We've hosted or participated in at least 30 cooking “classes” with various community members. Most of our social gatherings here center around cooking; people are always telling us they want to learn how to make pizza or cupcakes, and we've asked them to teach us how to make various Nicaraguan dishes in return. Our most frequent cooking companions are a group of elementary-school kids, who whenever they see us invariably ask, “When are we going to cook next?”

Davie has typed up at least 70 letters and documents for the school. Since no other teacher has ever taken a typing class or had much experience with computers, Davie has become the unofficial school secretary. Davie has also attempted to make computer navigation and document-writing easier by organizing all of the 'My Documents' folders and creating templates for grading purposes.

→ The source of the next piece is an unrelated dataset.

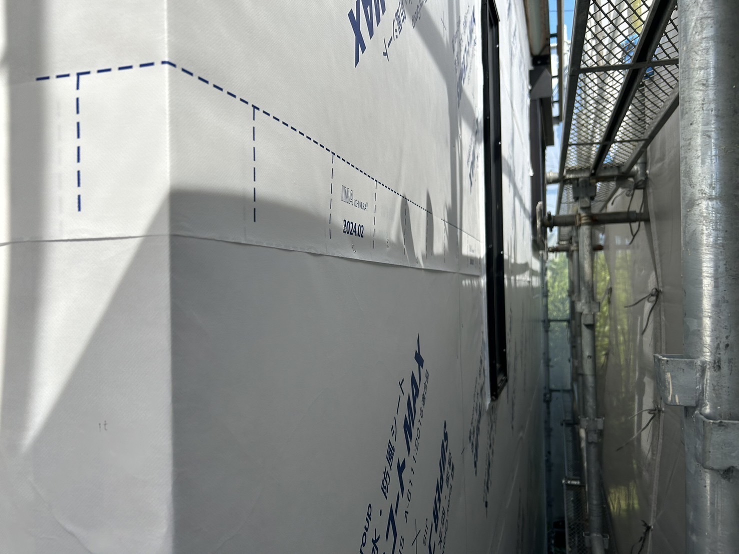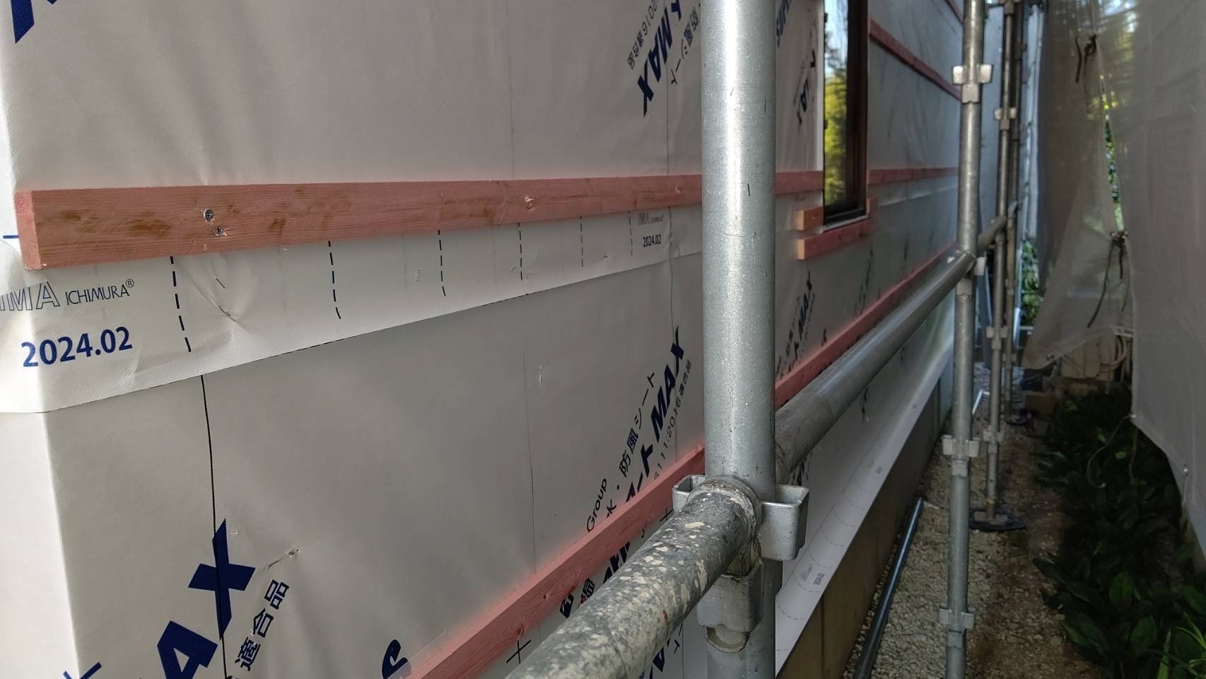 金属サイディング工事の現場です。今日は透湿防水シートと胴縁工事しました。来週に部材搬入して電気器具の脱着なども行います。またアップします。

I have helped the local library organize its books by the Dewey Decimal System. In the small, unlit, and frankly uncreative library you can find me on Friday mornings working away with pen, stickers, and tape. The collection of books is small, but at least now you can easily find a book you're looking for.

Davie has raised funds to buy seven new balls for the school sports program. Thanks to our supporters, the school now has three new basketballs, three new volleyballs, and a new soccer ball, all of which the P.E. teacher, Reynaldo, has been using every day to teach sports. It is really exciting to see the P.E. program be able to get more kids involved in the activities.

I have started a book club with four high school students, who have begun to read The Hunger Games. Books are scarce here, so most people have never read any books for fun before. We'll see what happens, but I'm hoping to get these four students hooked on reading.

Of course, not all of our accomplishments are significant – much of our work is just the normal, day-to-day work of any person working in the Nicaraguan campo. What has been most significant in our year in San Nicolas is the connections we've developed with people whose lives have been so different from our own. Connecting with someone from a different cultural background is the surest way to broaden and enrich your world, I believe. And if this is true, our worlds, along with the worlds of our fellow San Nicolaseños, have certainly been broadened and enriched significantly this year.